Brantley’s three-run homer in the fourth inning was taken off the board upon replay review, a ruling that wound up playing a pivotal role in Cleveland’s 4-3 loss to the Minnesota Twins.
Brantley’s shot to right field hit the limestone facing and was initially ruled a home run. He rounded the bases for a 4-2 lead, but Twins manager Ron Gardenhire convinced the umpires to review the call. They did, and summoned Brantley out of the dugout and credited him with a two-run double.
Twins starter Carl Pavano stranded him on second base, and the Indians faltered in the seventh when Jason Kubel hit a two-run double off of Rafael Perez (2-1) to lift the Twins to the win.
If umpires had ruled that the ball caromed off the top of the wall, it would have remained a home run. But replays showed it hit the corner, and all Brantley and the Indians could do was shrug at their misfortune, a game of inches lost by the narrowest of margins.
“They made the right call,” Brantley said. “I watched the replay two innings later and it definitely wasn’t a home run. It hit the corner of the wall and came back. It was unlucky for us, but that’s the way the game goes.”
Right fielder Shin-Soo Choo threw out two runners at home in the third inning to keep the Indians in it, but starter Carlos Carrasco left with tightness in his right elbow after just three innings.

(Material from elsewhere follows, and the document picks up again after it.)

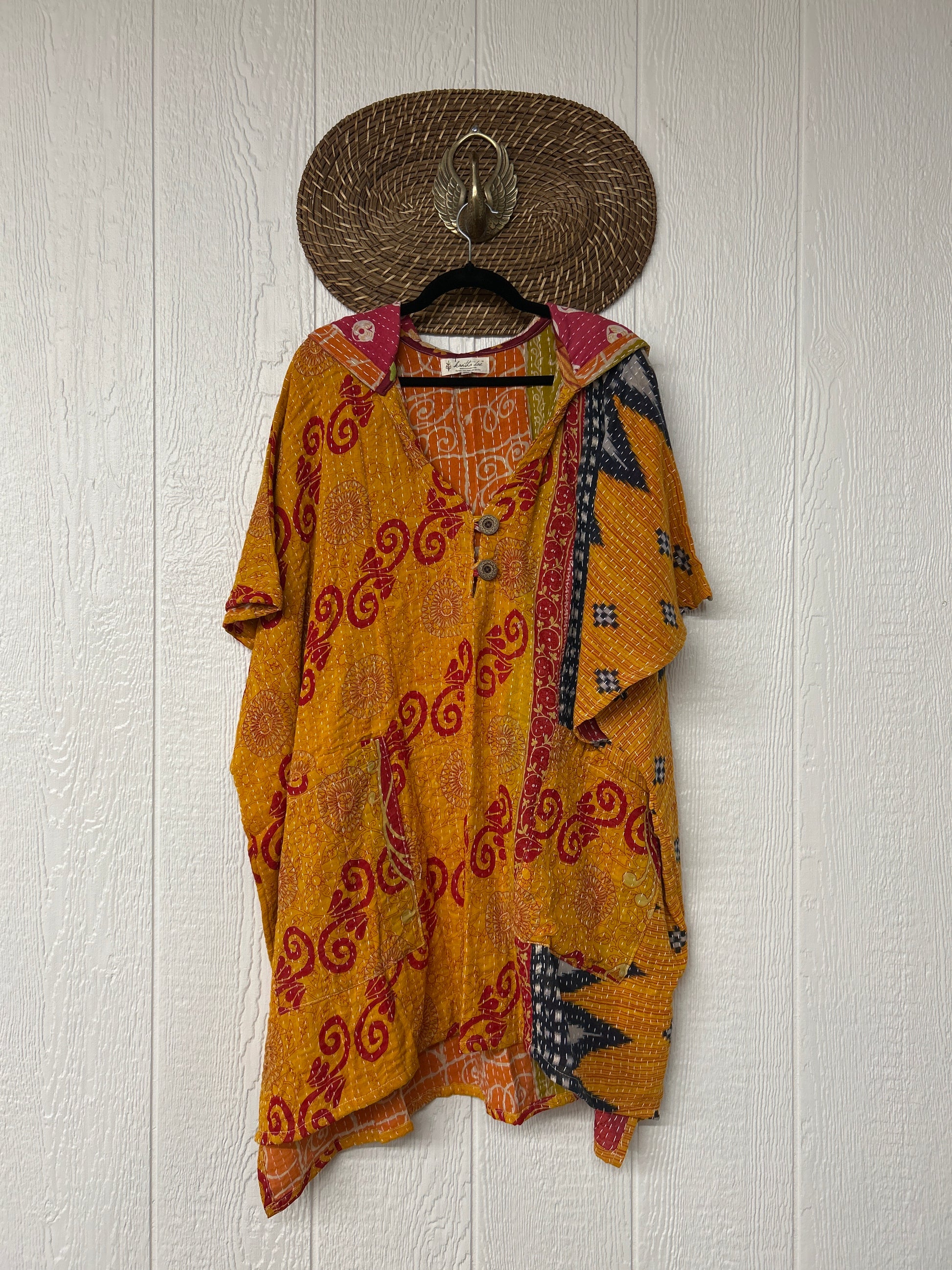 Crafted from our pareo kantha stitched cotton sari this dream peace features a hood, two buttons, two slouchy big pockets and side slits for extra dimension. A timeless transitional piece that will transform any outfit into a lux hippie moment!

He will be re-evaluated in Cleveland.
“He felt from the beginning he couldn’t get loose pretty good and just went out there and said he couldn’t get it loose at all,” Indians manager Manny Acta said. “We kind of sensed some of that because his velocity wasn’t where he was in the past. He just couldn’t get it loose.”
Travis Hafner and Orlando Cabrera had two hits apiece, but Cabrera’s error at second base in the seventh inning set up Kubel’s go-ahead hit.
The Indians led 3-2 in the seventh when Alexi Casilla singled and Denard Span reached on Cabrera’s error. Jason Repko bunted them up a base and Kubel hit a changeup high off the wall in right-center field for the lead.
“Obviously, they took advantage of the extra out and their big hitters came through,” Acta said.
Grady Sizemore doubled in the ninth to put the tying run on second base, but Matt Capps got Asdrubal Cabrera to fly out to the warning track in left field to end the game.
Kubel and Justin Morneau had two hits for the Twins, who took both games of the rain-shortened series. They have won three in a row and five of seven after a 4-10 start.
The Indians stayed in it thanks to Choo’s cannon left arm in the third inning. With one out and runners on first and second, Kubel came through with a hard-hit single to right field. Casilla ran right through third-base coach Steve Liddle’s stop sign and Choo, who led the league in outfield assists last year, threw him out by five feet.
Morneau followed with a two-run double, and Carrasco was again on his heels. Michael Cuddyer then delivered a soft single to shallow right and Liddle first waved Morneau home before putting up a stop sign when Morneau was halfway down the line. Choo’s throw easily beat Morneau to the plate to end the inning.
Choo nearly had a third assist in the fourth inning, but Jim Thome just beat his throw into second base for a double.
“The good thing is he never gets caught by surprise,” Acta said of Choo. “He throws the ball on a line, makes a good throw. Whether people run on him or not he makes the throw, which is to his credit because they’re on line and good throws.”
NOTES: The Indians now head home, where they have won seven in a row for the first time since 2007. They’re off today and open a series against Kansas City tomorrow. ... Choo’s two assists give him four for the season. ... Indians RHP Vinnie Pestano threw 1? scoreless innings. He has allowed one run in eight innings this season (1.12 ERA).